◆ Task description:
Dropping every picture, set down exactly the lines in the entries below, starting with the line with "ASIO昨天深夜罕见地发表声明,表示一直在积极调查此事。" and going on through the line with "How I Got The".

◆ Information:
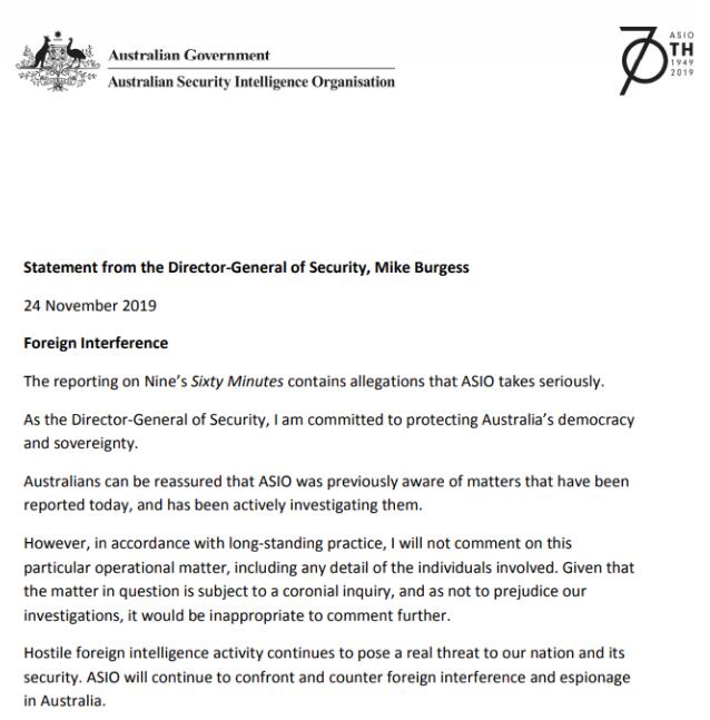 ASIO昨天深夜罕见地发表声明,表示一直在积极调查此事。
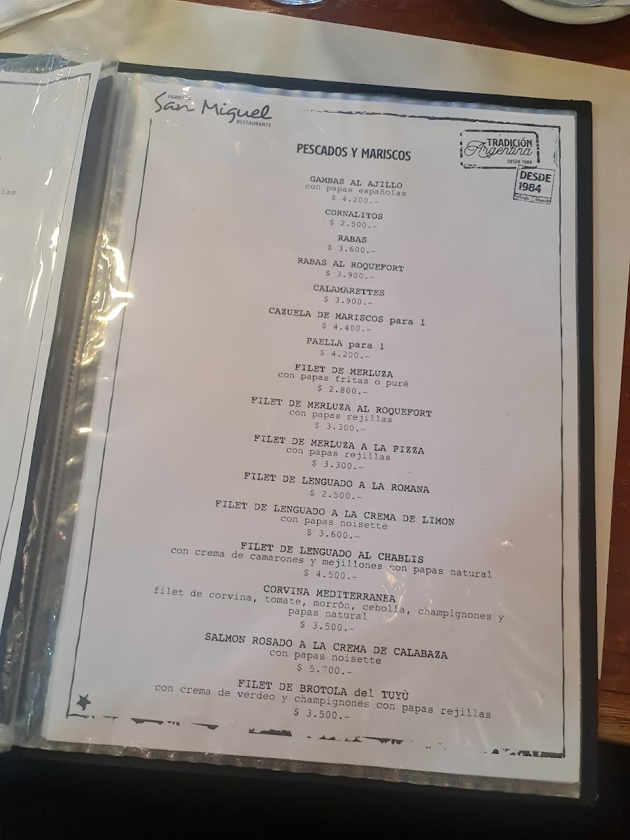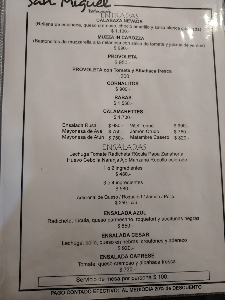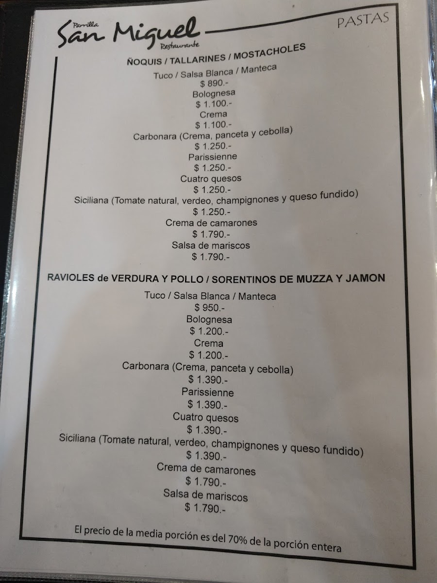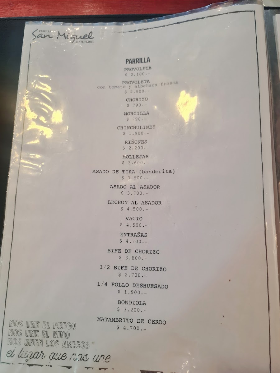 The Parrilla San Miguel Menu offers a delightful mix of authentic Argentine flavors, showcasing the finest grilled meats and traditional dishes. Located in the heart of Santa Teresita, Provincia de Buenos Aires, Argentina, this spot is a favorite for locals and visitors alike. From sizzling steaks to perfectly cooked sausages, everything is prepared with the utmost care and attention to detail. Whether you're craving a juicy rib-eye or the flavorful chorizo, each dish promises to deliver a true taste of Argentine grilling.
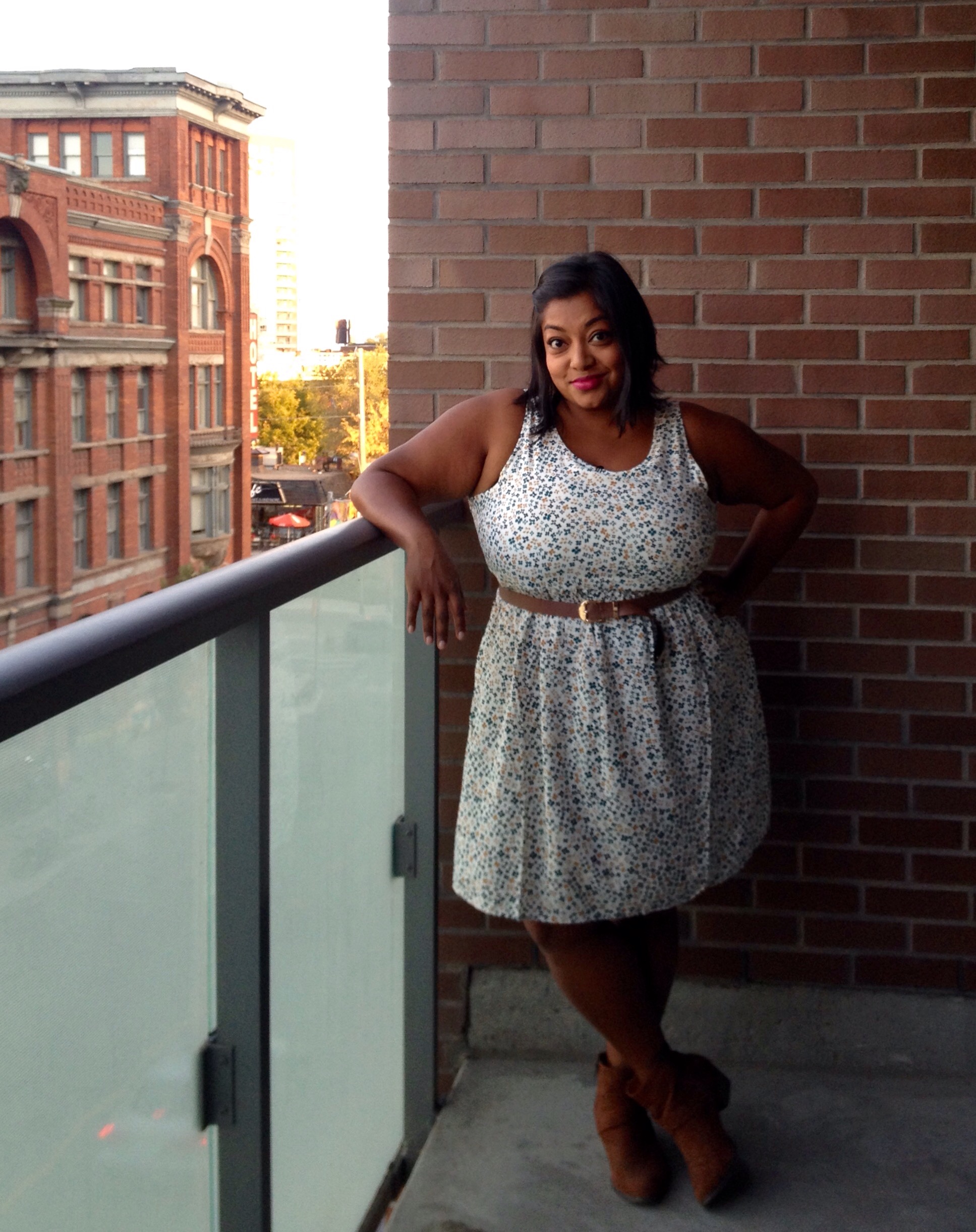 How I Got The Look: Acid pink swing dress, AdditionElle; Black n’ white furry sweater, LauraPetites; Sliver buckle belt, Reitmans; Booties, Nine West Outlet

* * *

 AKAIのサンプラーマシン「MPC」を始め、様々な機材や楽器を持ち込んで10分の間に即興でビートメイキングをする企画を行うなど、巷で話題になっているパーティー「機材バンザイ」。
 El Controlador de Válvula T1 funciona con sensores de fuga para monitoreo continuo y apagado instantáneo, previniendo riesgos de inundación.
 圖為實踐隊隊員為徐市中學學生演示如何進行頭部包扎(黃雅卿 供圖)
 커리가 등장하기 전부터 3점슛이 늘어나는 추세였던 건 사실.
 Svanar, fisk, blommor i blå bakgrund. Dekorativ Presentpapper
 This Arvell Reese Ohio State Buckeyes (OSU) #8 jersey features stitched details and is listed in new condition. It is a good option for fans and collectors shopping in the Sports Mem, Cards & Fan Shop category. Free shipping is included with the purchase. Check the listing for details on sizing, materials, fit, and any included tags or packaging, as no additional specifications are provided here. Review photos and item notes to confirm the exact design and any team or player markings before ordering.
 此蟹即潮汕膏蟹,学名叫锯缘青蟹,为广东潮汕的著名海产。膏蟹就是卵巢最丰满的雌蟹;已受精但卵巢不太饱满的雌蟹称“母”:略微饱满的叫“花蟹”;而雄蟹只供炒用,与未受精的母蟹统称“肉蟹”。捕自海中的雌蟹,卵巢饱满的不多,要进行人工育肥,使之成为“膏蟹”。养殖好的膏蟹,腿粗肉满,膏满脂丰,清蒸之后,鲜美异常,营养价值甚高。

---

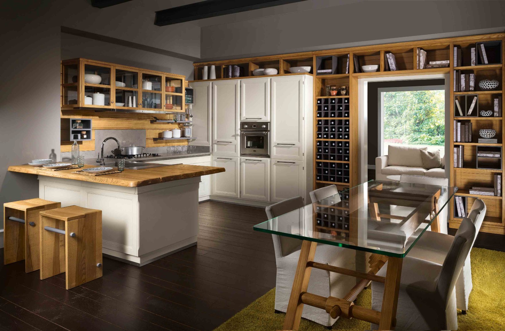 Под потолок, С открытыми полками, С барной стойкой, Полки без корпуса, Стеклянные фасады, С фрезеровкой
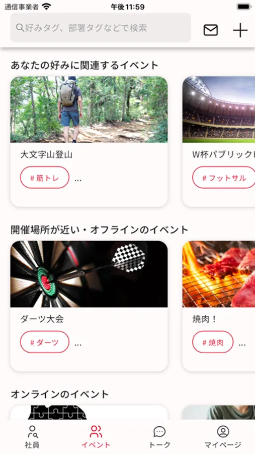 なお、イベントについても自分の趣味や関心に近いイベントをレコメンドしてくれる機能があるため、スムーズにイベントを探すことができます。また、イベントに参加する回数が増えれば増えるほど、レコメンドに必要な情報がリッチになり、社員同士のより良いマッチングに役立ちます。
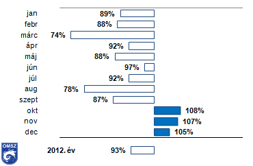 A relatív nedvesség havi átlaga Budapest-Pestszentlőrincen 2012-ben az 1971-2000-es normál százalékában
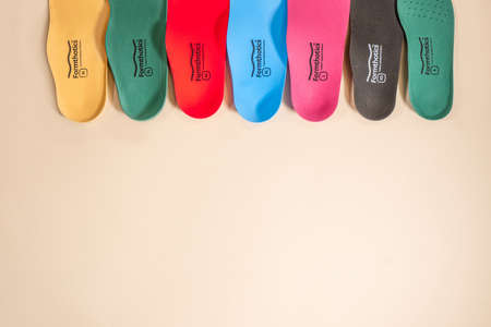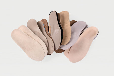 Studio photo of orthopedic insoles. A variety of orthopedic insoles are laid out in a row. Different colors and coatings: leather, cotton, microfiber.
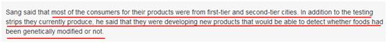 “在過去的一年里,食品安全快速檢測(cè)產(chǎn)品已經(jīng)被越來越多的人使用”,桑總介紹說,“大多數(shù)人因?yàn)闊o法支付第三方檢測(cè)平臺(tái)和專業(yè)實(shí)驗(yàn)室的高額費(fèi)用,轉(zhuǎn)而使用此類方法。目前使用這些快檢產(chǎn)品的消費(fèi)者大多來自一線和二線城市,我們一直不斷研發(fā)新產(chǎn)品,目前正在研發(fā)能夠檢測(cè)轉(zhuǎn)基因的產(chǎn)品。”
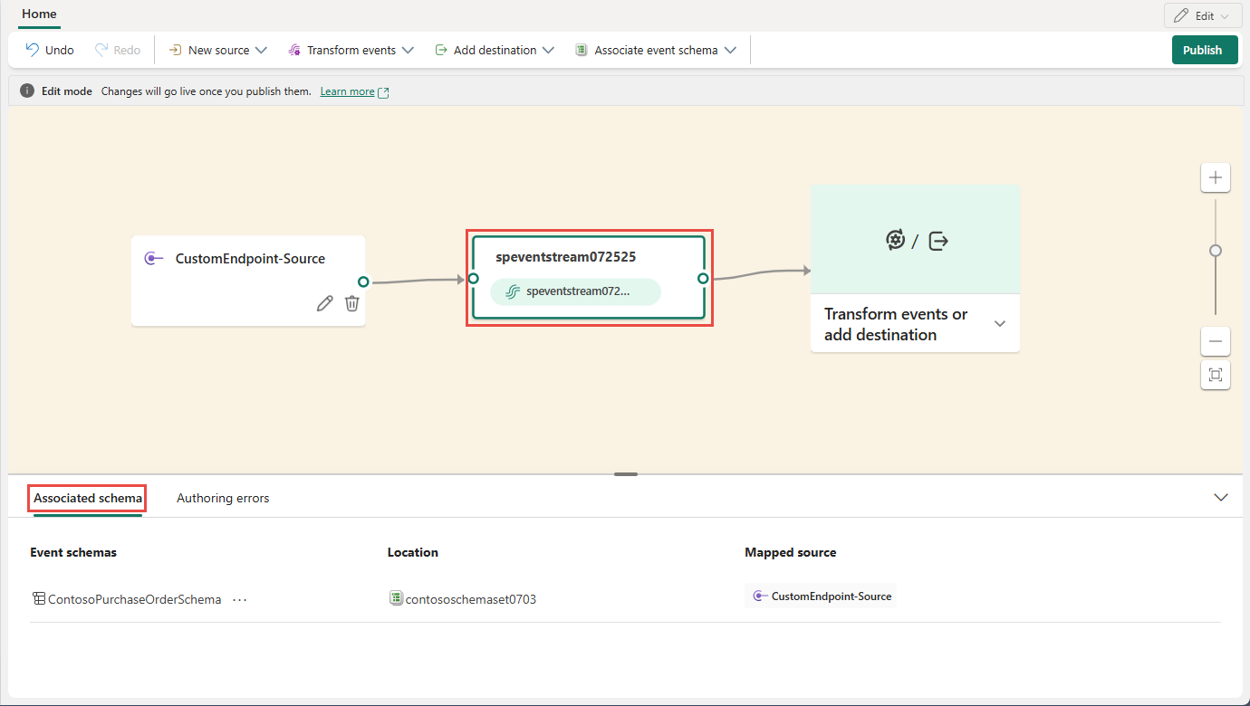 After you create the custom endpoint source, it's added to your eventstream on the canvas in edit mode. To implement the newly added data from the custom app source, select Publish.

◆ Answer for the task:
 ASIO昨天深夜罕见地发表声明,表示一直在积极调查此事。
 The Parrilla San Miguel Menu offers a delightful mix of authentic Argentine flavors, showcasing the finest grilled meats and traditional dishes. Located in the heart of Santa Teresita, Provincia de Buenos Aires, Argentina, this spot is a favorite for locals and visitors alike. From sizzling steaks to perfectly cooked sausages, everything is prepared with the utmost care and attention to detail. Whether you're craving a juicy rib-eye or the flavorful chorizo, each dish promises to deliver a true taste of Argentine grilling.
 How I Got The Look: Acid pink swing dress, AdditionElle; Black n’ white furry sweater, LauraPetites; Sliver buckle belt, Reitmans; Booties, Nine West Outlet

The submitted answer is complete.